**Stored data**
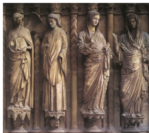
Fig 4 Grupo escultórico da Anunciação e Visitação, Catedral de Notre-Dame de Reims, França, 1225-1245.

9. Identifica os elementos arquitetónicos numerados na Figura 3. (20 pontos)
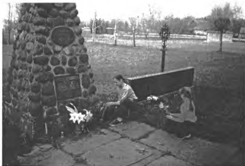
Nevysta gėlės žuvusiųjų atminimui Igliaukoje
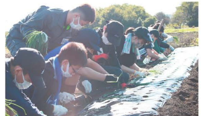
玉ねぎを定植する子ども達

あぐりスクールは11月5日、第5回の活動を行い、20人が参加しました。まずは玉ねぎの定植を行い、子ども達は穴の開いたマルチに一株ずつ苗を丁寧に植え付けていきました。その後は春の活動で定植したサツマイモの収穫。長雨の影響で昨年より収穫量が少なくなりましたが、子ども達はあちこちの畝を掘り起こし、大きなサツマイモが出てくると歓声を上げて喜んでいました。
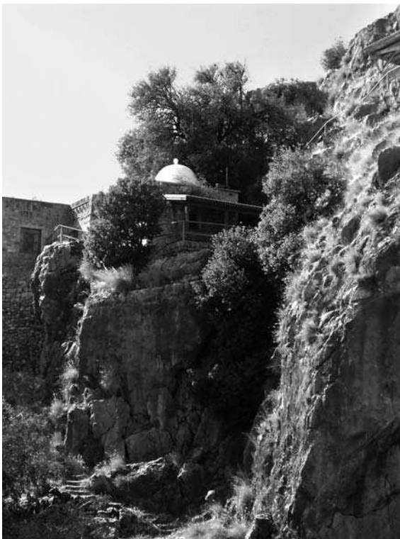
1. Druzyskie miejsce kultu w Cezarei Filipowej

Ci pierwsi zamieszkują Liban, Syrię i Jordanię, a w mniejszej liczbie można znaleźć ich również w Izraelu, Autonomii Palestyńskiej i strefie okupowanej. Ich populację oblicza się na ok. pół miliona osób (fot. 1). Początki Druzów sięgają XI wieku po Chr. Są oni wyznawcami religii stanowiącej formę synkretyzmu islamu szyickiego, judaizmu, chrześcijaństwa i gnozy. Studiują swoje święte
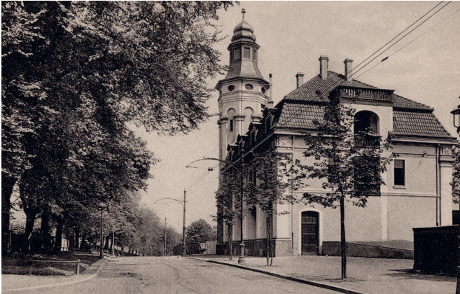
Das Feuerwehrdepot Recklinghausen kurz nach der Einweihung im Jahr 1909
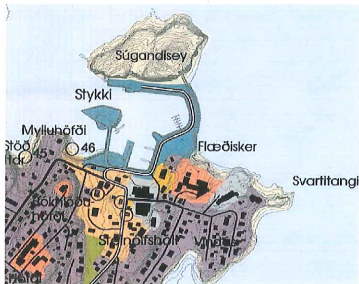
Aðalskipulag Stykkishólms 2002-2022

Breyting á aðalskipulagi vegna lóðarinnar Austurgata 7
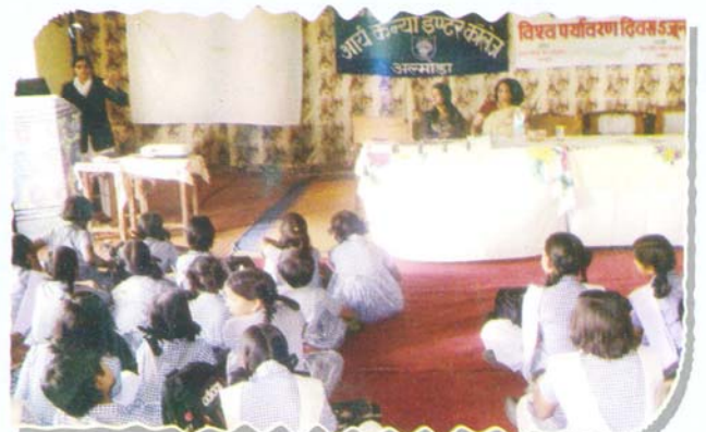
Secretary, DLSA, Almora sensitizing the students on World Environment Day
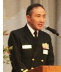
来賓祝辞／稲田総監
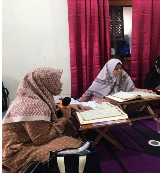
Gambar 4.12 Pembelajaran Tajwid
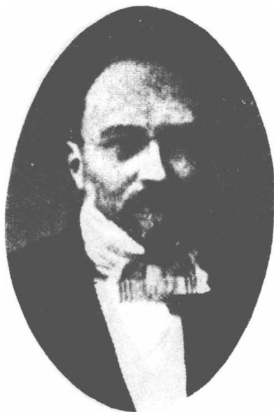
(18) Carl Gustav Mosander 毛山德 1797—1858
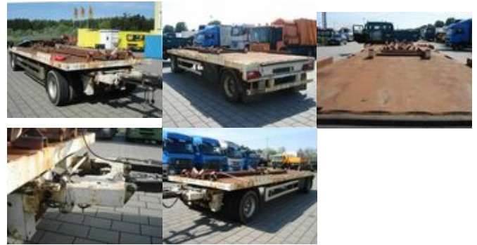
Renders Anh Containeranhänger Anhänger für Absatzcontainer

Preis (brutto): 3.451,00 € Gesetzl. MwSt. 19%: 551,00 €
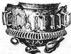
Az első és legmaradandóbb egy-soros a vasa diatretán

130 éve, 1880-ban a Vasárnapi Ujság Garay János egy ifjúkori levele címmel becses emléket közölt. 85 éve, 1925-ben hunyt el múzeumunk alapítója, gróf Apponyi Sándor.
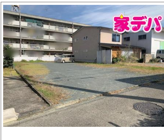
写真 建築条件なし
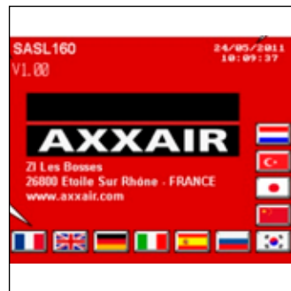
5,7” kosketusnäyttö monikielinen
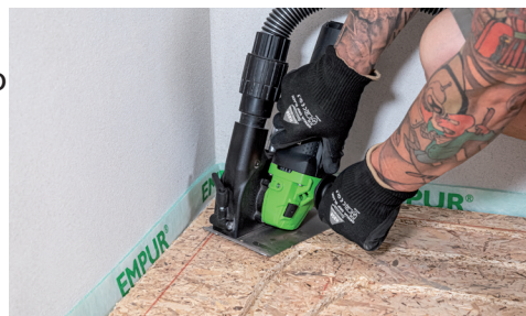
Può essere utilizzato anche come dispositivo portatile (per angoli e pareti).

Qualsiasi responsabilità per l'applicazione o l'esecuzione è esclusa.
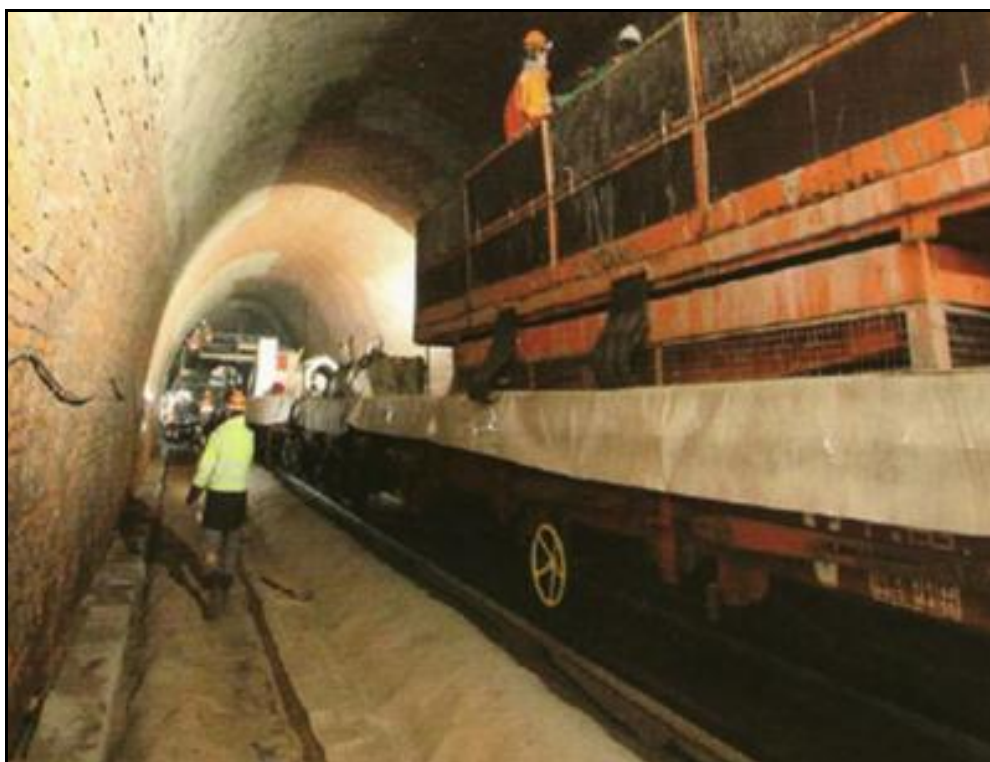
Travaux de réfection dans le tunnel

Si cette fiche comporte des erreurs ou des oublis, merci de nous le signaler.
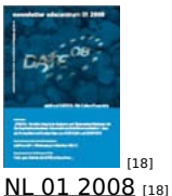
[18] NL 01 2008 [18]
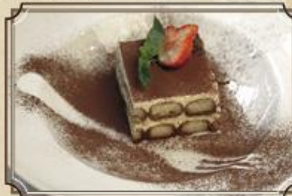
Тирамису ..... 290 Итальянский десерт из сыра Маскарпоне и сахарных палочек 120/25/1 г.
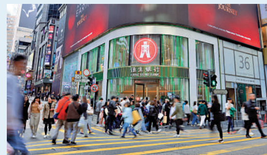
本港銀行紛紛推出新理財產品吸引新客戶及新資金。

恒生銀行（中國）今日起為客戶提供的合資格「跨境理財通」產品（包括南向通及北向通）將增加至超過320款，較2021年正式啟動時上升近1倍，涵蓋不同風險的理財產品以迎合多元化的客戶需求。當中主要投資大中華股票的基金選擇由「低至中」風險評級擴展至所有風險評級，而其他基金選擇則由「低至中」風險評級擴展至「低至中高」風險評級。
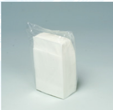
商品 CD : 31005 名称 : 六ツ折 Eタイプ 入数 : 10,000 (100×100) 原紙 SIZE : 245×250mm

**Task directions**
Write out the entries above word for word. Do not include the pictures.

**Solution to the exercise**
Fig 4 Grupo escultórico da Anunciação e Visitação, Catedral de Notre-Dame de Reims, França, 1225-1245.

9. Identifica os elementos arquitetónicos numerados na Figura 3. (20 pontos)
Nevysta gėlės žuvusiųjų atminimui Igliaukoje
玉ねぎを定植する子ども達

あぐりスクールは11月5日、第5回の活動を行い、20人が参加しました。まずは玉ねぎの定植を行い、子ども達は穴の開いたマルチに一株ずつ苗を丁寧に植え付けていきました。その後は春の活動で定植したサツマイモの収穫。長雨の影響で昨年より収穫量が少なくなりましたが、子ども達はあちこちの畝を掘り起こし、大きなサツマイモが出てくると歓声を上げて喜んでいました。
1. Druzyskie miejsce kultu w Cezarei Filipowej

Ci pierwsi zamieszkują Liban, Syrię i Jordanię, a w mniejszej liczbie można znaleźć ich również w Izraelu, Autonomii Palestyńskiej i strefie okupowanej. Ich populację oblicza się na ok. pół miliona osób (fot. 1). Początki Druzów sięgają XI wieku po Chr. Są oni wyznawcami religii stanowiącej formę synkretyzmu islamu szyickiego, judaizmu, chrześcijaństwa i gnozy. Studiują swoje święte
Das Feuerwehrdepot Recklinghausen kurz nach der Einweihung im Jahr 1909
Aðalskipulag Stykkishólms 2002-2022

Breyting á aðalskipulagi vegna lóðarinnar Austurgata 7
Secretary, DLSA, Almora sensitizing the students on World Environment Day
来賓祝辞／稲田総監
Gambar 4.12 Pembelajaran Tajwid
(18) Carl Gustav Mosander 毛山德 1797—1858
Renders Anh Containeranhänger Anhänger für Absatzcontainer

Preis (brutto): 3.451,00 € Gesetzl. MwSt. 19%: 551,00 €
Az első és legmaradandóbb egy-soros a vasa diatretán

130 éve, 1880-ban a Vasárnapi Ujság Garay János egy ifjúkori levele címmel becses emléket közölt. 85 éve, 1925-ben hunyt el múzeumunk alapítója, gróf Apponyi Sándor.
写真 建築条件なし
5,7” kosketusnäyttö monikielinen
Può essere utilizzato anche come dispositivo portatile (per angoli e pareti).

Qualsiasi responsabilità per l'applicazione o l'esecuzione è esclusa.
Travaux de réfection dans le tunnel

Si cette fiche comporte des erreurs ou des oublis, merci de nous le signaler.
[18] NL 01 2008 [18]
Тирамису ..... 290 Итальянский десерт из сыра Маскарпоне и сахарных палочек 120/25/1 г.
本港銀行紛紛推出新理財產品吸引新客戶及新資金。

恒生銀行（中國）今日起為客戶提供的合資格「跨境理財通」產品（包括南向通及北向通）將增加至超過320款，較2021年正式啟動時上升近1倍，涵蓋不同風險的理財產品以迎合多元化的客戶需求。當中主要投資大中華股票的基金選擇由「低至中」風險評級擴展至所有風險評級，而其他基金選擇則由「低至中」風險評級擴展至「低至中高」風險評級。
商品 CD : 31005 名称 : 六ツ折 Eタイプ 入数 : 10,000 (100×100) 原紙 SIZE : 245×250mm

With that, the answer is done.